Riverfest Canceled This Year But There's Hope For Oktoberfest


Add Cincinnati's annual Riverfest celebration to the list of major events to be canceled because of the COVID-19 pandemic. Mayor John Cranley made the announcement Friday morning during a briefing with reporters at City Hall.

"We will not be permitting any gathering activities - you know, beer sales, fireworks, gatherings on the river," Cranley said. "The wonderful tradition of the fireworks will have to wait til 2021."

Newport and Covington had already decided not to participate in Riverfest. 

Cranley said the Cincinnati Regional Chamber of Commerce is working to develop a different model for September's Oktoberfest Zinzinnati. It could include controlled spaces where officials monitor and limit the number of people entering certain areas. He said those plans are very preliminary.

The mayor and city's health commissioner also reported declining numbers for new COVID-19 cases in the city. That's similar to numbers reported Wednesday by officials from Hamilton County.

"Our numbers are down quickly," Cranley said. "We had a spike two to three weeks ago that was significant, but our reduction has also been significant. And I think a large part is because City Council and I worked together for the mask mandate. I definitely support the governor's mask mandate."

Cincinnati also released information Friday from contact tracers on places people visited while they were thought to be contagious with the coronavirus. The top three on that list include bars/nightclubs, family/friend parties, and retail/grocery stores.

Credit Provided / City of Cincinnati
City of Cincinnati
Chart with large gathering data from Cincinnati officials.

The city also named six bars and nightclubs with what officials described as having the "most complaints, the most egregious complaints and issues with overcrowding."

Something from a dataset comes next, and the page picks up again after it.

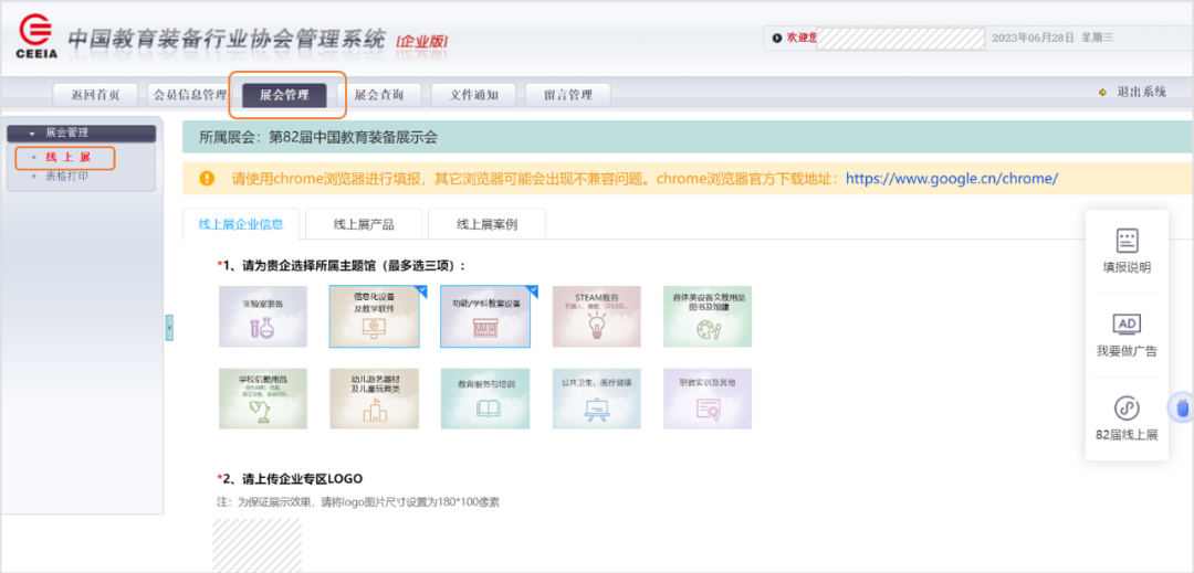 登录“中国教育装备行业协会管理系统”(zh.ceiea.com,即报展系统),进入【展会管理】栏目,点击左侧功能菜单【线上展】,按顺序进行信息填报。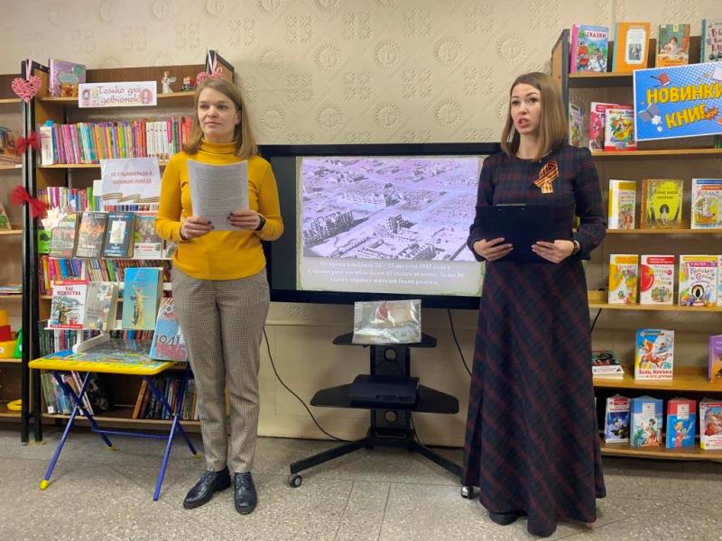 Победой Красной Армии 2 февраля 1943 года завершилось самое грандиозное сражение в истории Великой Отечественной войны – Сталинградская битва, которая началась 17 июля 1942 года. При помощи мультимедийной презентации участники мероприятия погрузились в далекое военное время, вспомнили о героизме и мужестве солдат, командиров, медсестёр. Библиотекари рассказали об основных этапах битвы, о мемориальном комплексе на Мамаевом кургане, воздвигнутом в честь защитников Сталинграда.

Credit Provided / City of Cincinnati
City of Cincinnati

An official with the city's health department said representatives had spoken with the management of these establishments, and the information had also been shared with the Ohio Liquor Control Commission.

That commission Friday adopted a rule that now bans the sale of liquor at bars/restaurants after 10 p.m. All liquor on tables in those establishments must be consumed by 11 p.m.

Cincinnati Police Chief Eliot Isaac said city officers will be enforcing this rule along with state agents.

"Our officers will respond based on complaints," Isaac said. "If they are found to be in violation, we will document that, we will pass that information on to the Ohio Investigative Unit. And it could potentially result in action against (an) establishment's liquor license."

Mayor Cranley and the city health commissioner also signed a joint emergency order with measures "to promote the safe and healthy operation of schools" for the upcoming school year.

"These measures include streamlining approvals for the installation of modular trailers, tents and other temporary facilities so as to enhance schools' ability to implement social distancing measures and provide a safe and healthy environment for their students, faculty, and staff during the CVODI-19 pandemic," written in the order.

The Cincinnati Recreation Commission is also offering the use of some of its recreation centers to serve as satellite locations for Cincinnati Public Schools.